(Data extracted from a collection)
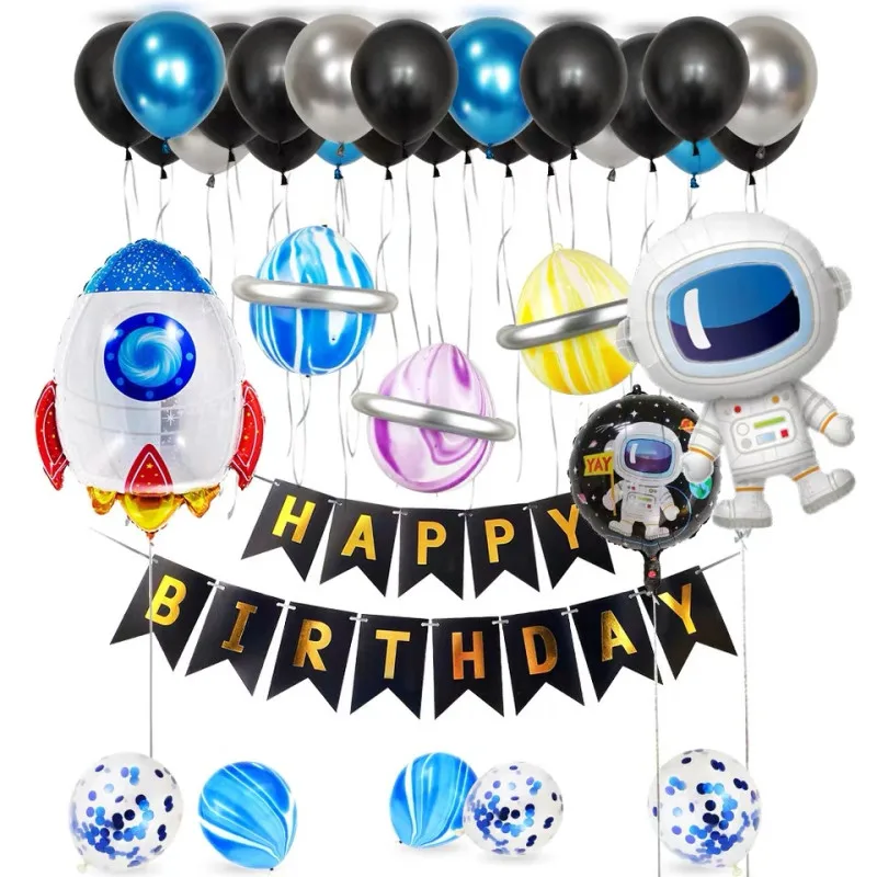 Космический астронавт галактика тема шар Хром Металл Серебро космическая планета астронавт Roket воздушный шар Мальчик День рождения украшение
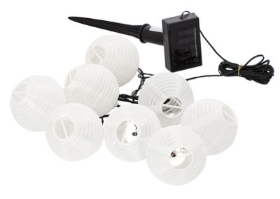 Solar LED Lampion-Lichterkette, mit 8 LED-Lampions, für den Außenbereich geeignet, Gesamtlänge: 3,5 m, Kettenlänge: 3 m, Abstand: 0,5 m, Farbe Lampions: weiß, Lichtfarbe: warmweiß, linear, solarbetrieben, mit Ein-/Aus-Schalter.
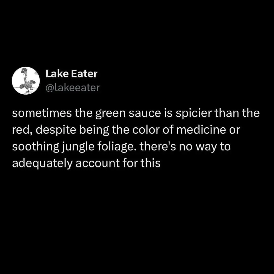 minus-squaredamnthefilibuster@lemmy.worldlinkfedilinkEnglisharrow-up14arrow-down2·1 month agoIf the green sauce has little white dots in it (seeds), then stay 👏 away 👏from 👏 it 👏!
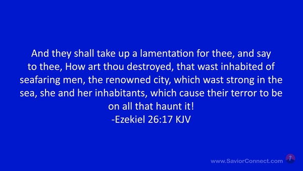 And they shall take up a lamentation for thee, and say to thee, How art thou destroyed, that wast inhabited of seafaring men, the renowned city, which wast strong in the sea, she and her inhabitants, which cause their terror to be on all that haunt it! -Ezekiel 26:17 KJV
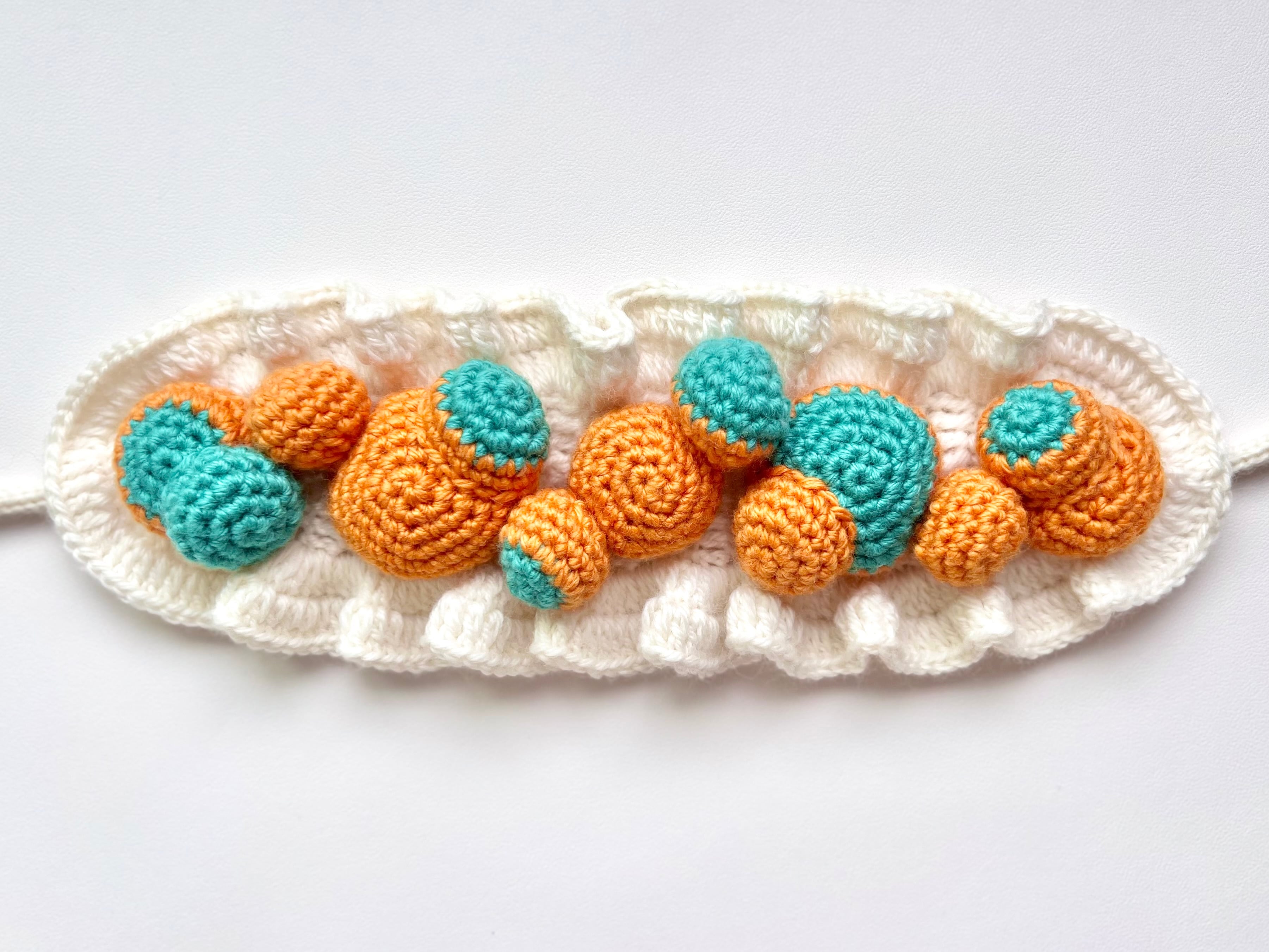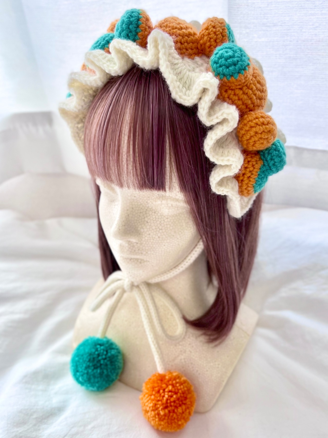 おどりキノコの細胞を大胆にあしらった、遠くから見てもインパクト抜群のヘッドドレスです。丸い細胞たちの中にはふんわりと綿を詰めているのでとても軽く、潰れる心配がないため長時間の着用も安心です⋆˙⟡
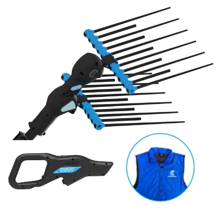 Il suo movimento ellittico brevettato permette di lavorare su ogni tipo di ulivo, assicurando una raccolta rapida e delicata sulle piante. Con rebbi in carbonio, leggeri e resistenti, assicura una maneggevolezza ottimale e una lunga durata.
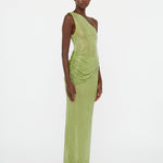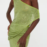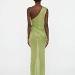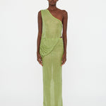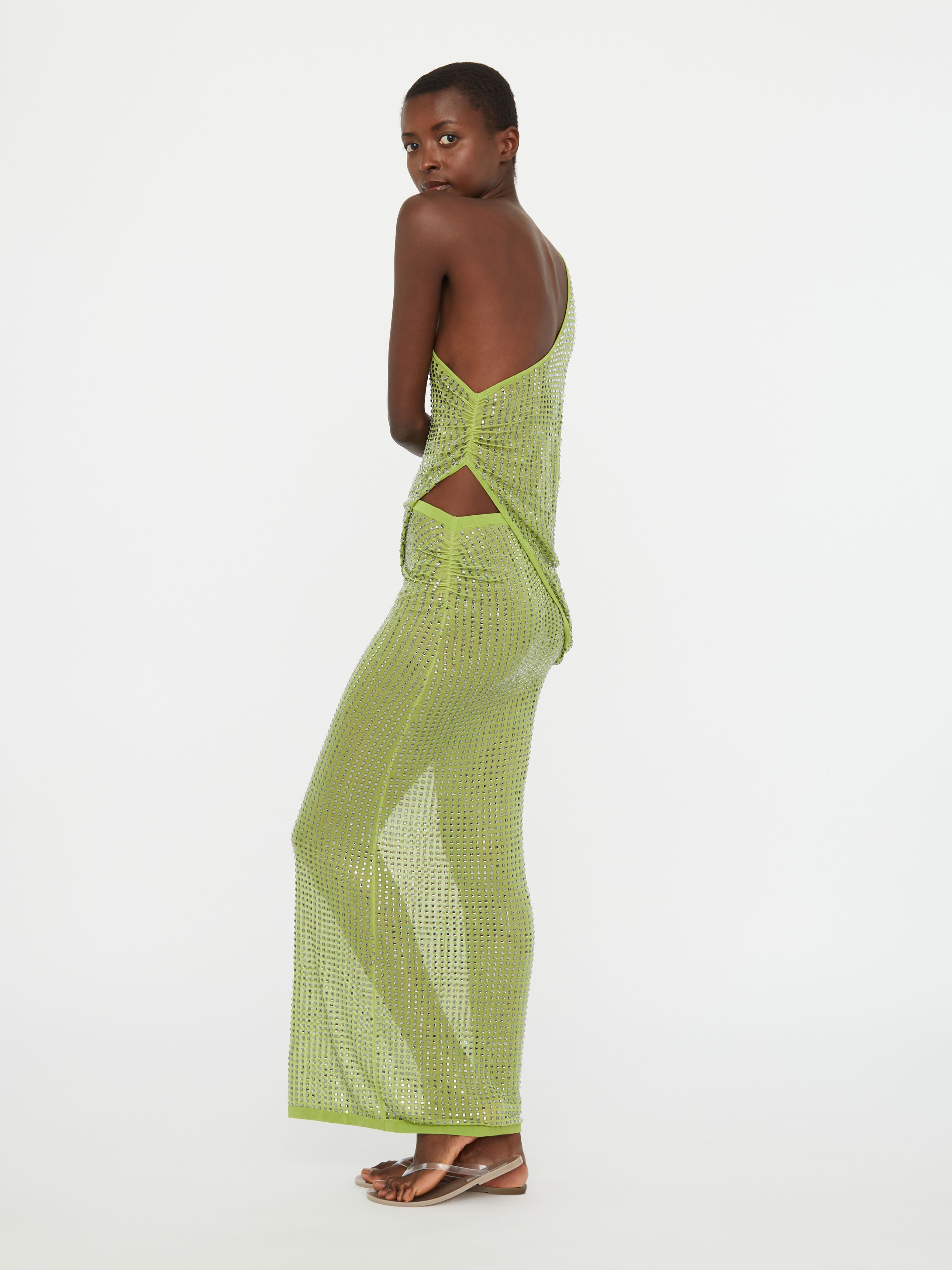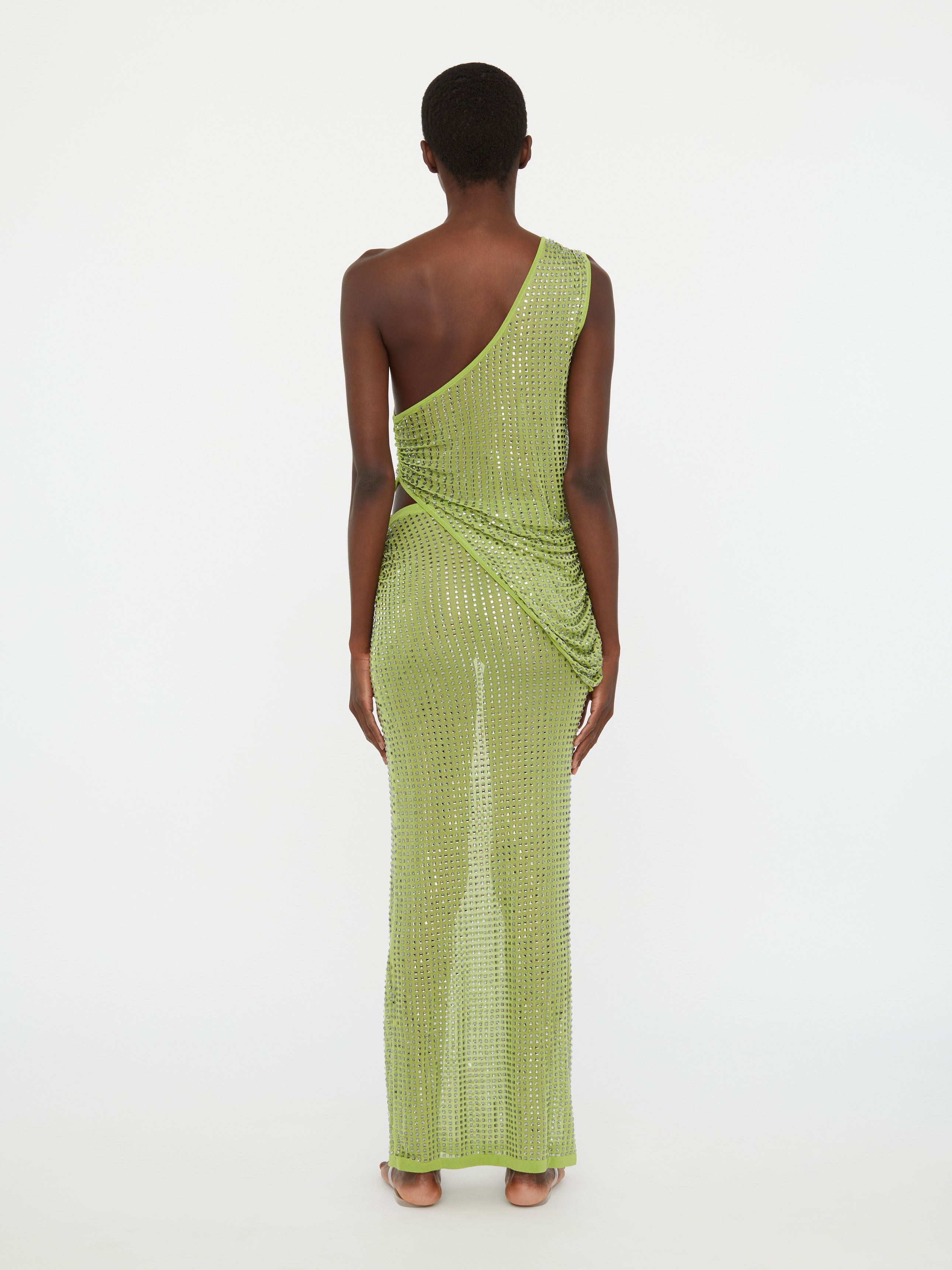 Glass crystal detailing becomes an architecture of gilded light — a tension between exposure and adornment. Crafted from sheer knit viscose, this fine gauge cutaway dress is finished with an asymmetrical drape and ruching across the bodice.
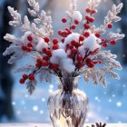 A festive winter arrangement features a vase with frosted branches, red berries, and pine cones, surrounded by a snowy landscape, evoking a serene holiday atmosphere.
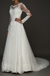 Vestido de Noiva da marca Prime Collection. Confeccionado em renda com detalhes bordados, decote fechado, decote traseiro fechado, manga longa, saia godê e cauda longa. Peça seminova em excelente estado de conservação. Apresenta sinais muito sutis de uso.
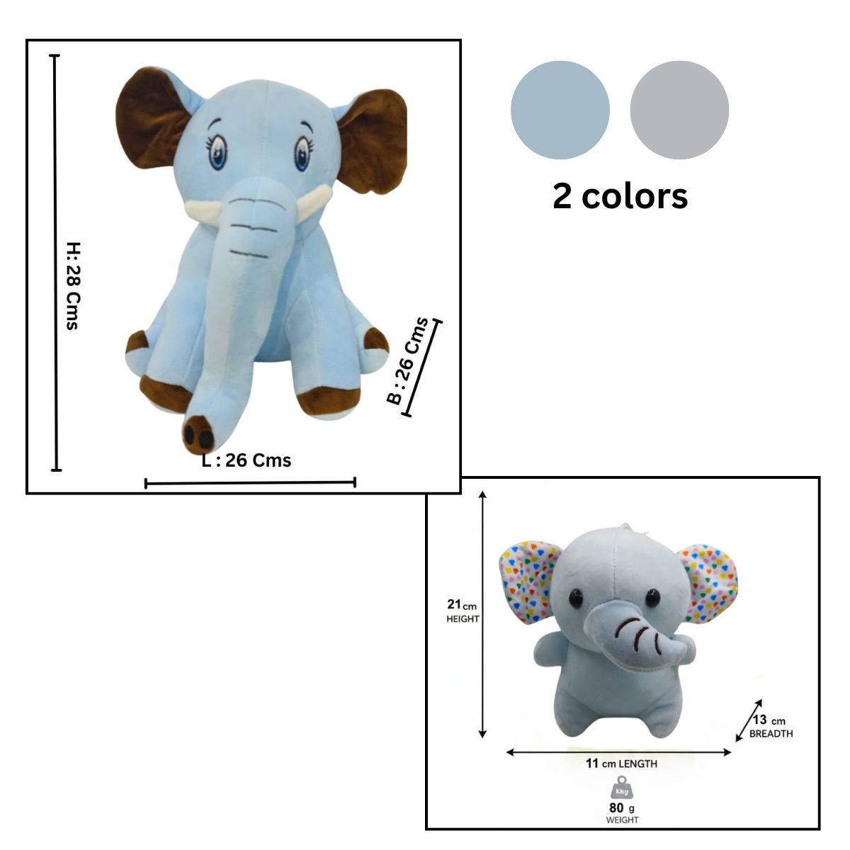 Elephant Combo of 2 Bring Home Extra Cuteness! Made with super-soft, high-quality plush fabric, this toy is designed to be safe, gentle, and perfect for toddlers and kids of all ages.
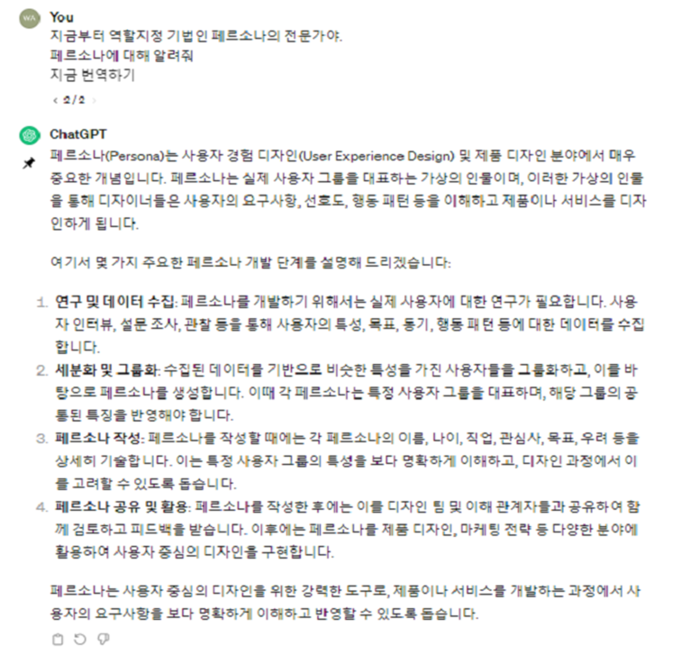 무언가에 대한 내용의 확인을 하려고 한다면 전문가로서의 페르소나 부여는 내용의 정확도 확보를 위한 가장 간단한 방법이 될 것이다.

### Task to complete
Starting at the line that contains "Glass crystal detailing", return every line through the end of the records above exactly as written, and return no pictures.

### Worked solution
 Glass crystal detailing becomes an architecture of gilded light — a tension between exposure and adornment. Crafted from sheer knit viscose, this fine gauge cutaway dress is finished with an asymmetrical drape and ruching across the bodice.
 A festive winter arrangement features a vase with frosted branches, red berries, and pine cones, surrounded by a snowy landscape, evoking a serene holiday atmosphere.
 Vestido de Noiva da marca Prime Collection. Confeccionado em renda com detalhes bordados, decote fechado, decote traseiro fechado, manga longa, saia godê e cauda longa. Peça seminova em excelente estado de conservação. Apresenta sinais muito sutis de uso.
 Elephant Combo of 2 Bring Home Extra Cuteness! Made with super-soft, high-quality plush fabric, this toy is designed to be safe, gentle, and perfect for toddlers and kids of all ages.
 무언가에 대한 내용의 확인을 하려고 한다면 전문가로서의 페르소나 부여는 내용의 정확도 확보를 위한 가장 간단한 방법이 될 것이다.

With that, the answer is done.